Tuesday, 23 October 2012

What I Say and What He Hears


So husband of the year gets home at 7pm last night, about 15min after me.  I’ve already started dinner and the tribe are doing an amazing job of ignoring my requests to do homework, stop fighting, pretty much anything at all I’ve asked them to do since we walked in the front door.

Because it was getting late I thought the smart thing to do would be to get husband of the year to sort the boys out.  Now as we all know husbands don’t have the ability to assess a situation and react.  In other words they aren’t able to think “okay, it’s getting late – my beautiful wife is cooking dinner, I’ll pop upstairs and get the boys showered and organised”.  Oh no, that’s not possible, their brain is simply thinking “mmmmm, beer”, and probably other things we won’t mention here.

As a result, I thought I did a pretty good job of explaining to the hubster what was required.  “Hey, can you pop upstairs and get the boys sorted, get them in the shower etc, while I finish getting dinner ready”




What he obviously heard was “Boys are upstairs, why don’t you ask them to hop in the shower and then grab a beer and piss off outside to stare at the leaves in your swimming pool while the boys then waste 20min worth of water, fight, smear toothpaste all over the carpet, scream, fight some more, and let the whole neighbourhood know a crazy person has moved in next door because all they can hear is me screaming the house down for someone to have a freakin’ shower!!!!!!!!”


Twenty minutes later when said crazy person (that would be me) starts screaming at the husband to get his arse back inside I am faced with a blank stare and words like “What, what have I done?”.  I swear I wanted to smack him across the head.

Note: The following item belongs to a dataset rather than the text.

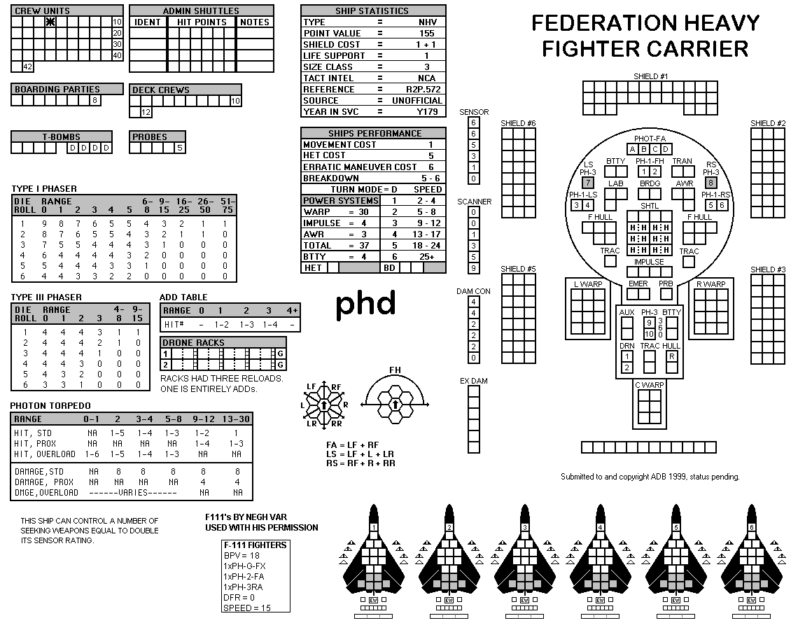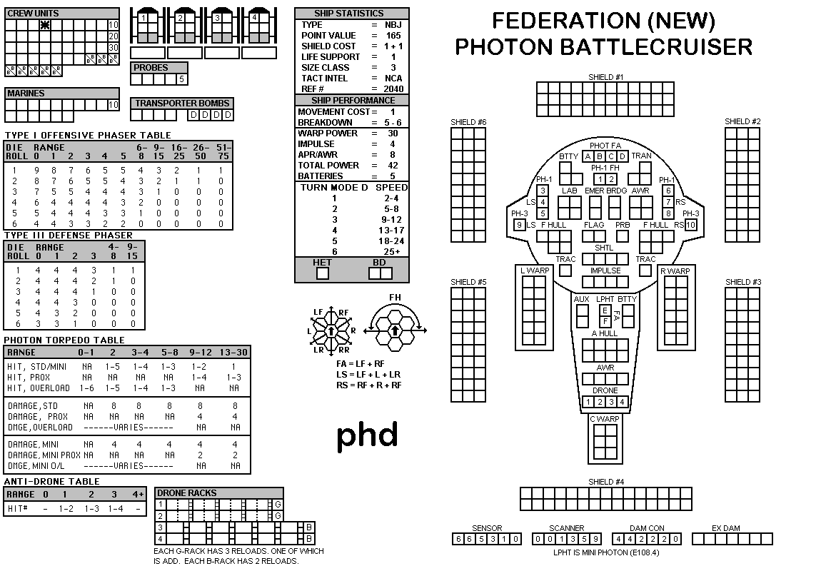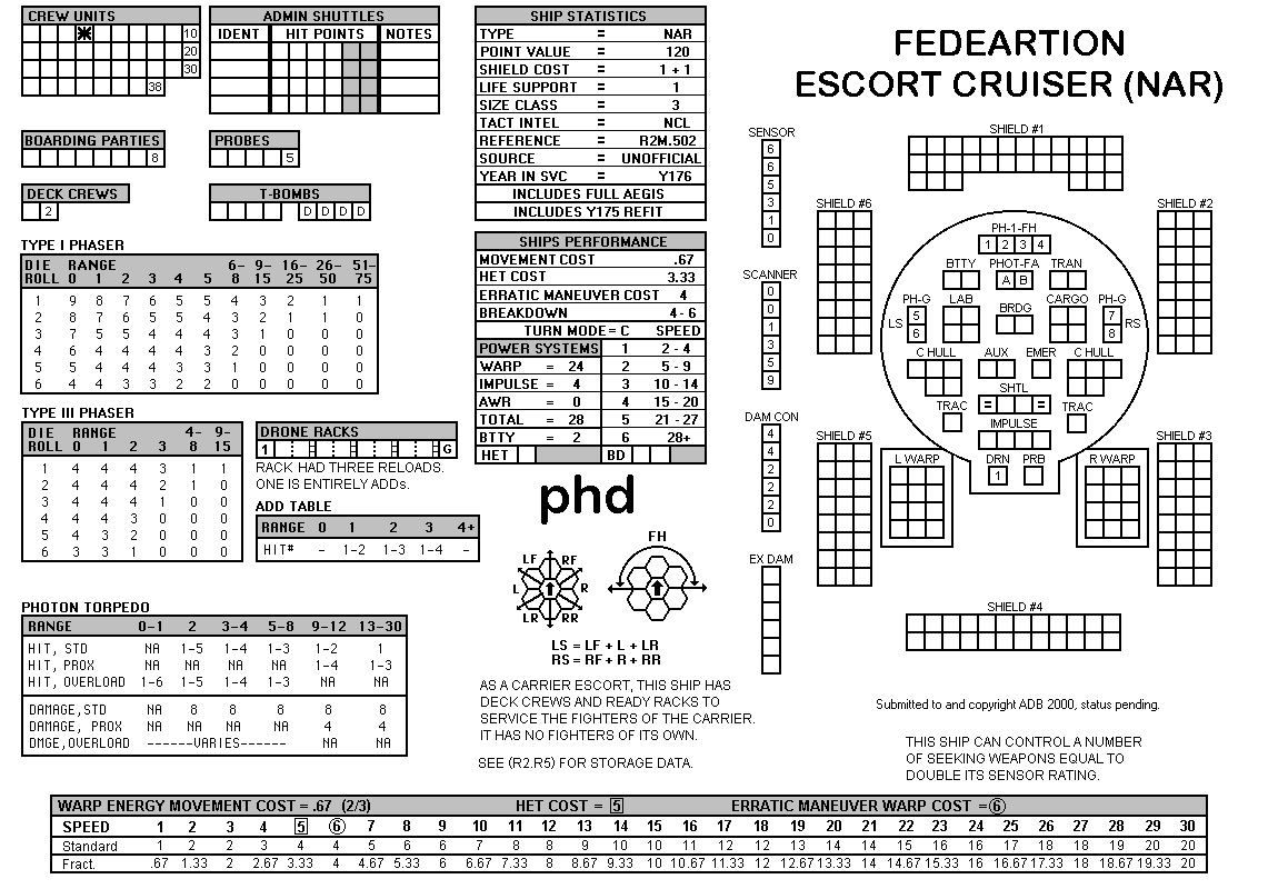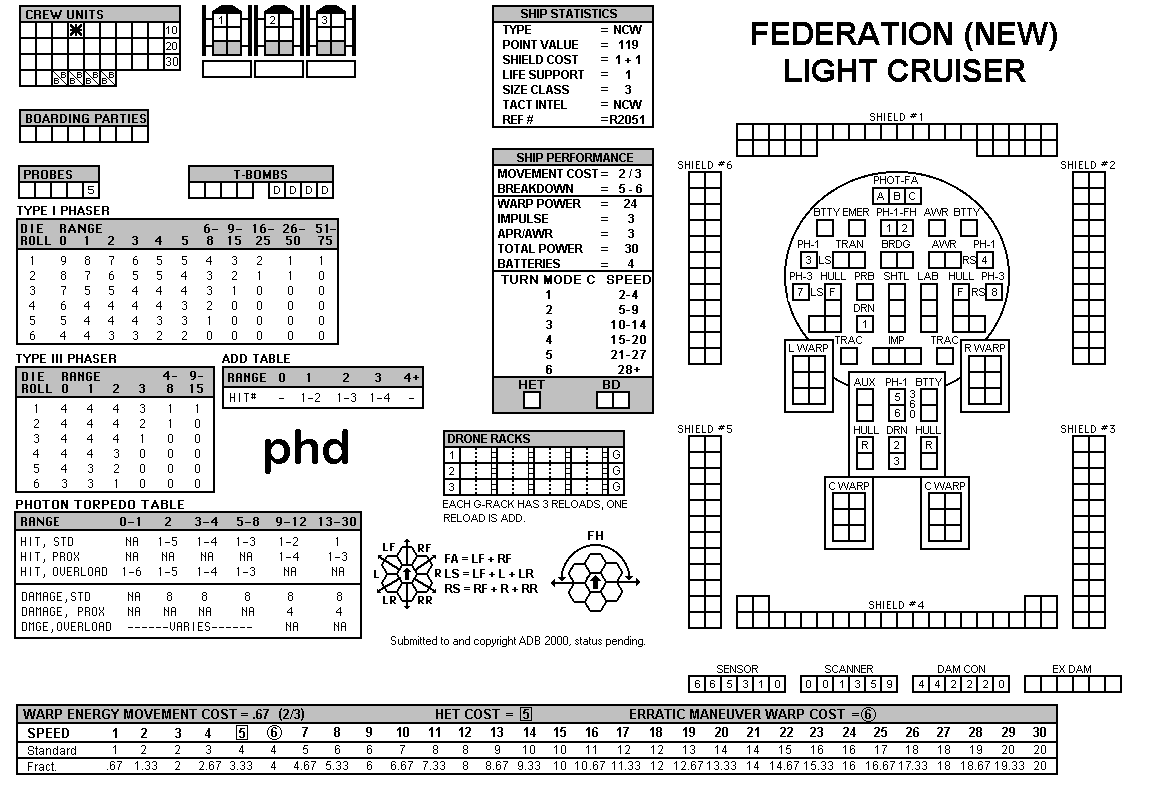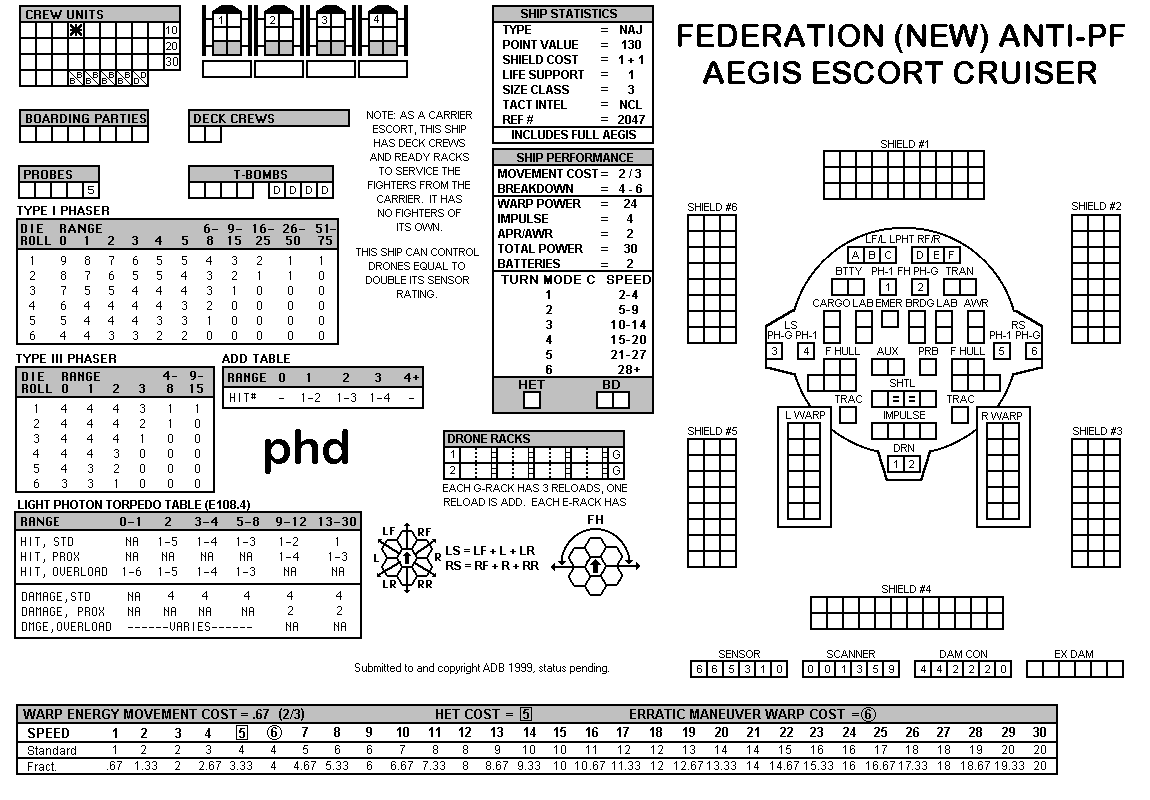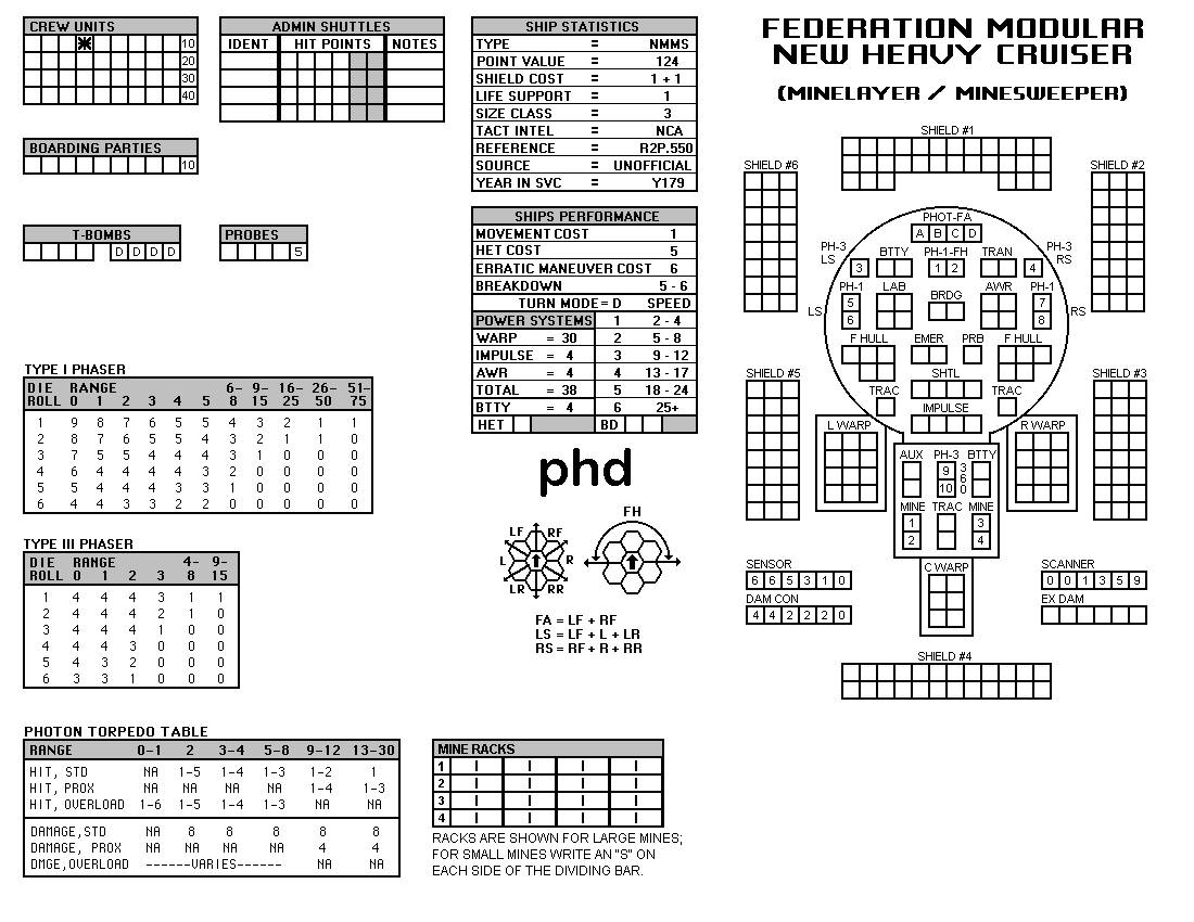 and the ADDs represent the Y175 refit. NOTE: On most SSDs the fighter/shuttles have shaded boxes, these represent the crippled the status of the fighter/shuttle. NOTE: On some SSDs the crew check-off boxes have a 'B' or 'D' in them, these represent the crew units that are Boarding Parties or Deck Crews. |

The fact that he has walked back inside to absolute chaos pretty much guarantees world war 3 is about to break out.  Sure enough husband of the year can be heard screaming at the boys, “what are you doing?  Now I’m in trouble cause you lot weren’t in the shower.  Why are you still dry, have you even had a shower?  Why is there toothpaste all over the floor, blah, blah, blah, blah”  If the neighbours had any doubt about the crazy family next door they don’t any more.

Whilst all this was going on I simply breathed in, breathed out and visualised a large glass of ice cold bubbles, thinking to myself if husband of the year had simply “popped upstairs and sorted the boys out for 10min” all the pain and suffering that followed could have been avoided. 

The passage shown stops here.